Unilever’s India unit shares slip on higher royalty fees

By Praveen Paramasivam

CHENNAI (Reuters) -Shares of consumer goods major Hindustan Unilever (HUL) fell 4.3% on Friday as a deal to pay its UK parent higher royalty fees overshadowed a bigger-than-expected rise in quarterly profit.

HUL said the royalty and central services fees it pays its majority owner Unilever would increase to 3.45% of turnover over three years from 2.65.

Shares were last down 3.3% at 2,564 rupees on Dalal Street, compared with the median price target of 2,890 rupees, according to Refinitiv data.

“Royalty mars a splendid show,” brokerage Nuvama Research said after HUL reported a 12% jump in quarterly profit.
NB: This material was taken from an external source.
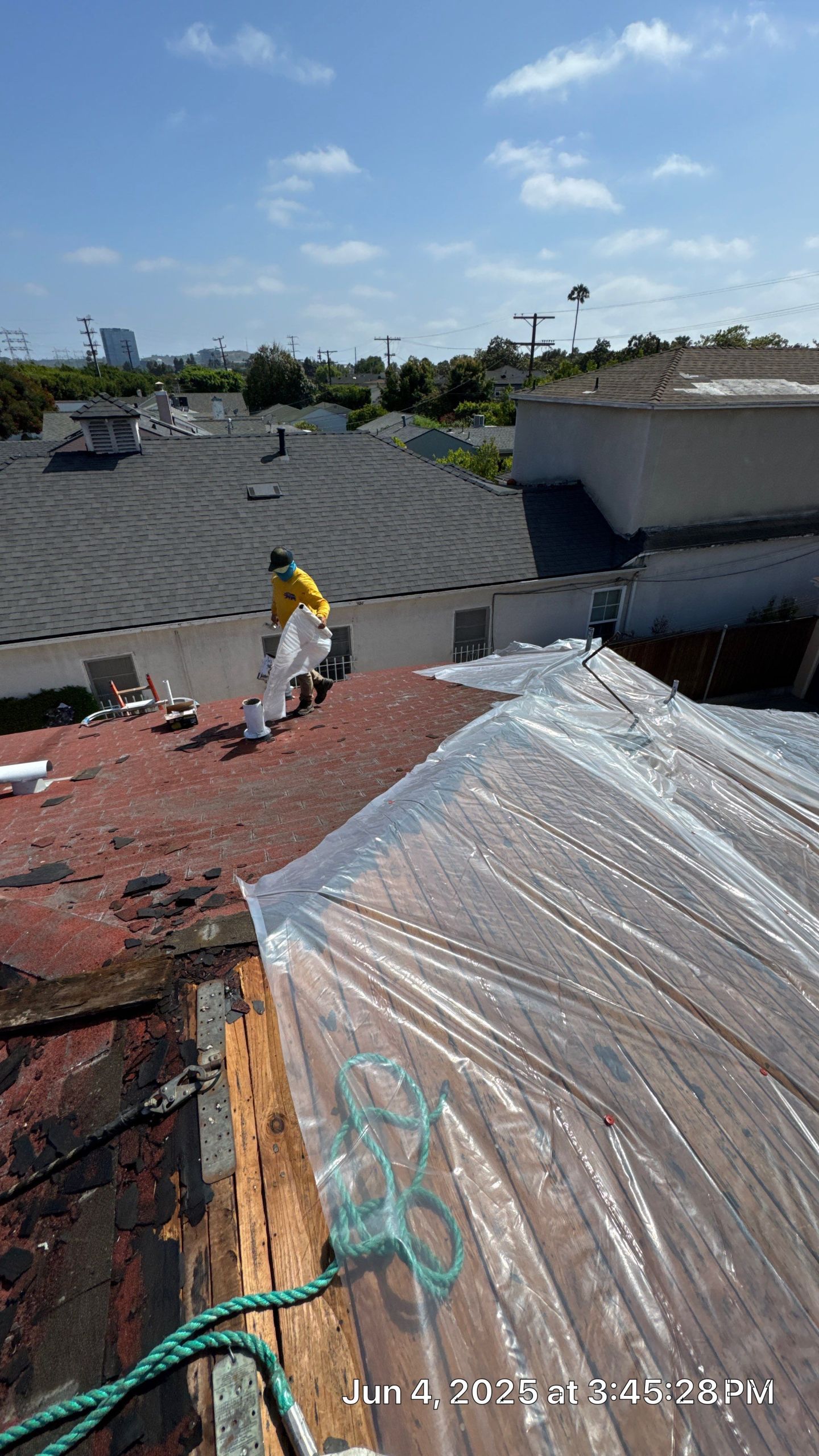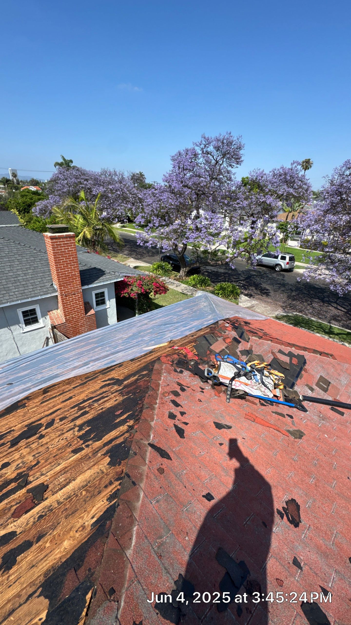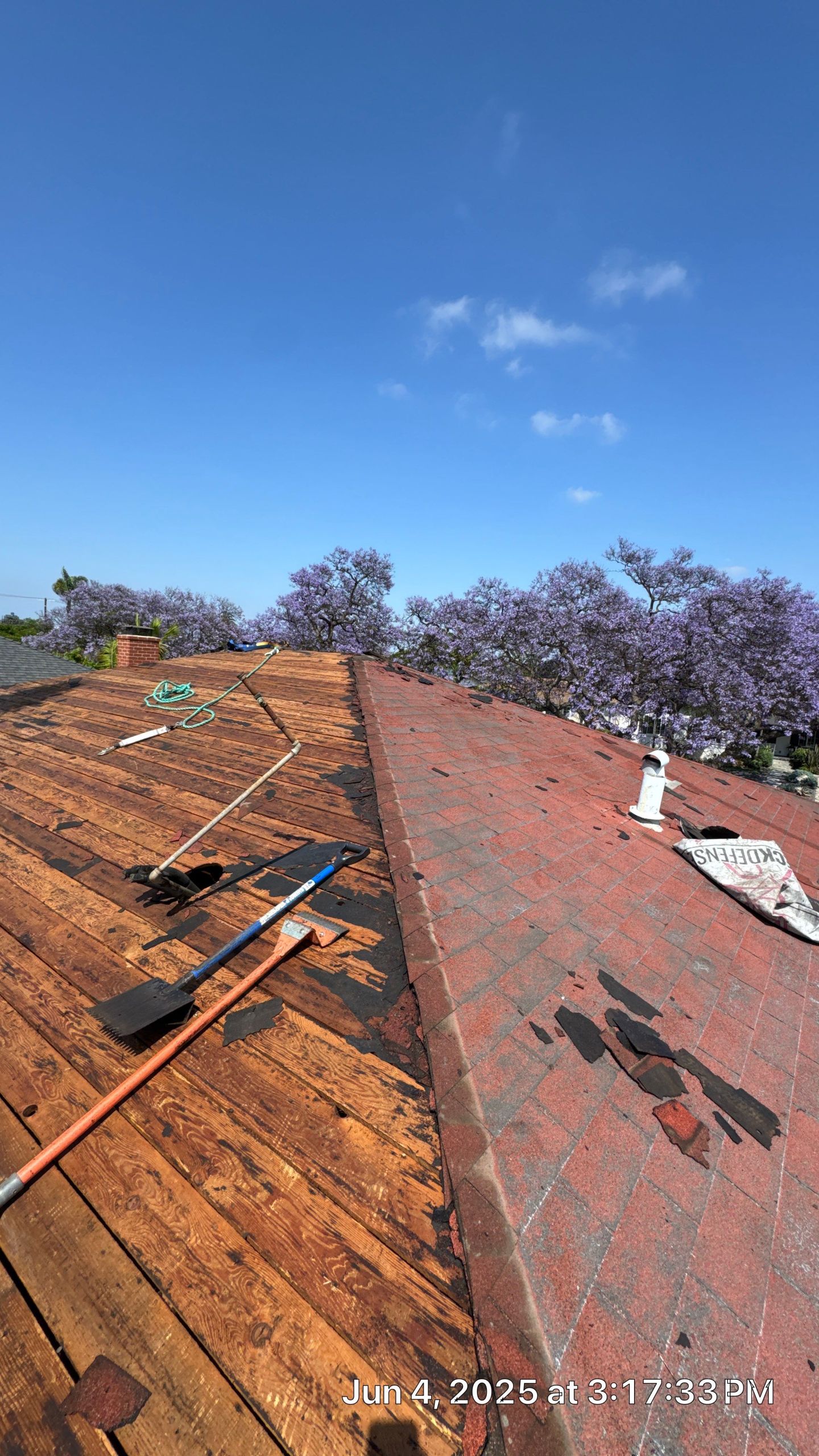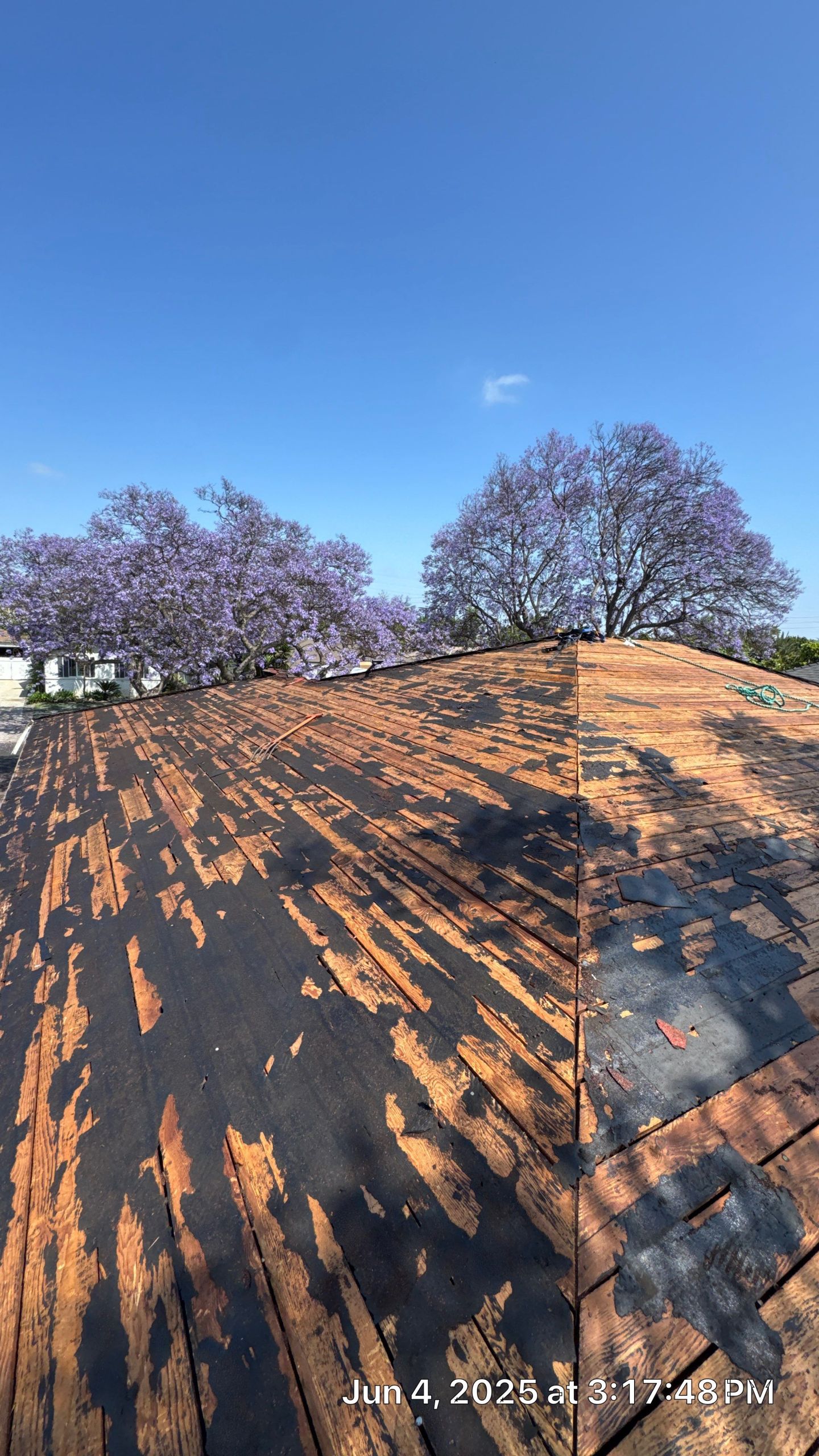 On June 4, 2025, Roof Repairs CA initiated a critical roofing project at 1825 S Ogden Dr in Los Angeles, CA. The existing roof showed severe degradation, both on the surface and underneath. During our initial tear-off, we discovered that many sections of the original wood decking had suffered from prolonged water exposure, leading to dry rot, softness, and structural compromise.
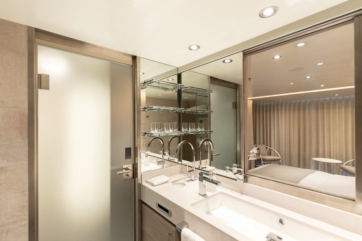 U menších kajut jsou obývací část a ložnice odděleny závěsy, u těch větších jde pak o samostatné místnosti. Nechybí televize s plochou obrazovkou ani šatna, trezor, mini bar zásobený nápoji dle preferencí hostů, fén, župan, pantofle nebo dalekohled. Ve všech koupelnách bez rozdílu jsou sprchový kout, vana, umyvadlo a dostatek úložných prostor.

Still, there is a risk of another increase after five years when the new deal expires, the brokerage added.

The new deal is effective Feb. 1 and replaces the expiring 10-year contract.

According to Prabhudas Lilladher analysts, the deal would shave 2% to 2.8% off per-share earnings for fiscal 2024 and 2025.

HUL Chief Executive Sanjiv Mehta said the Dove soap-maker gets “equivalent value” from Unilever in the form of better products, innovation and technology to compete with rivals better.

Last year, Unilever had said the United States, India and China are three of its key growth markets, underlining plans to grow in India on increasing use of the internet and expansion of the economy.

“HUL will continue to receive faster innovation, greater capability and support from business of Unilever globally,” Ritesh Tiwari, finance chief, said.

The deal is also competitive and within the range when compared with peers, according to HUL. Several global players, including Colgate-Palmolive, Procter & Gamble and Nestle , have business in India.

However, some analysts played it down with Motilal Oswal saying the royalty hike is “not a concern.” Meanwhile, ICICI Securities called it “a dampener.”

HUL also said India’s rural pockets are showing signs of recovery as “the worst of inflation is behind us.”